Algorithmic complexity
Time-complexity just means to analyse what is the relationship between the size of the data and the amount of time it will take to perform a given operation (algorithm) on that data. Typically, N usually represents the size of the data, like the number of elements in an array, number of nodes in a graph, number of words in a dictionary, or number of entries in a database, and so on. Of course, sometimes there are more than one such number to represent the size of the data, in which case other letters are used. Basically, the Big O just represents the fact that we don't care about the actual time that it takes (e.g., how many seconds to perform the algorithm on 1000 elements), but rather only care about the biggest functional relationship between time and data-size. So, if you see O(1), which we call "constant-time", it really means that the time taken to perform the algorithm is the same (constant) regardless of the amount of data. If you see O(N), which we call "linear-time", it means that the time taken to perform the algorithm grows as linear function of the size of the data (i.e., twice the size equal twice the time). And so on, you'll see things like O(N^2) (quadratic-time) or O(N^3) for more complex algorithms. The reason why you won't see things like O(N^2 + N + 1) is because there is usually an assumption that N is large, in which case, only the largest term dominates and the others can be discarded.
Also, in some other algorithms, especially "dynamic programming" algorithms, you'll see O(logN) which means usually indicates a "divide-and-conquer" approach, this time-complexity is called log-time, and the log is a base-2 logarithm (but it actually doesn't matter what the base is). The easiest algorithm to consider in this case is the binary-search algorithm which searches for a value in a sorted array by checking the middle element and searching into whichever half-range contains the element, and doing so recursively until the size of the range is 1. In this case, at every step, you split the search-range in half, so, how many times do you need to split a number in half to get to 1? It takes log(N) splits to reach 1, and that is why the algorithm has a time-complexity of O(logN), because it is going to perform logN steps before completing.

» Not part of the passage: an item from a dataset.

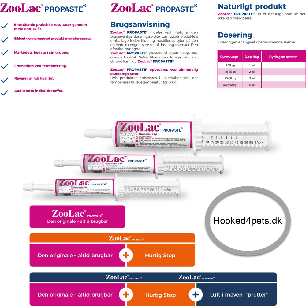 ZooLac Propaste er en bakteriel pasta der medvirker til regulering af bakteriefloraen i mave- og tarmkanalen hos alle dyrearter. Pastaen kan bruges ved akut mavekneb eller til forebyggelse af mave- og tarmforstyrrelser, der kan opstå ved f.eks. foderskift eller stressende omstændigheder. Pastaen leveres i en sprøjte, der kan indstilles til den ønskede mængde. Pastaen er velsmagende og placeres direkte på dyrets tunge eller oven på foderet.

The way you figure out the time-complexity of an algorithm is essentially by considering the core step that is being done and trying to figure out how many times (in relation to how many elements in the data) that step will be performed. For example, if you initialize an array of N elements to zero, then the core step is setting an individual element to zero, and that core step will have to be done N times, and thus, the algorithm is O(N). Finding the average of a list of numbers would be the same, the core step is adding an element to the average-value, and that will be done N times, thus O(N). And so on. There are formal methods and stuff to calculate complexities in a more rigorous fashion, but most of the time it is easier to simply look at the algorithm (usually, the number of nested loops tells you a lot).
Another similar aspect to algorithm analysis is space-complexity (or memory-complexity), which is a similar thing but it relates the amount of additional memory storage required by the algorithm as a function of the size of the data. These will also be expressed with the Big O notation.
Finally, many algorithms to not have a fixed amount of steps, they are adaptive or dependent on the data. For example, some sorting algorithms will be very fast if the array is already sorted to begin with (usually in O(N) time, essentially just checking that the array is sorted), or if it is nearly sorted. In other words, sometimes the time that the algorithm will take to complete depends on the data it is given as input. If that is the case, we usually talk about the worst-case, average-case and best-case time-complexities. Basically, this just means what their names imply. The average-case and worst-case are the two that matter the most in general. In a sorting problem, for example, the best-case will usually occur if the array is already sorted, the worst-case might be when the array is sorted in reverse order, and the average-case might be just any random sequence of numbers. Of course, these cases depend on the application of the algorithm (the kind of data it receives).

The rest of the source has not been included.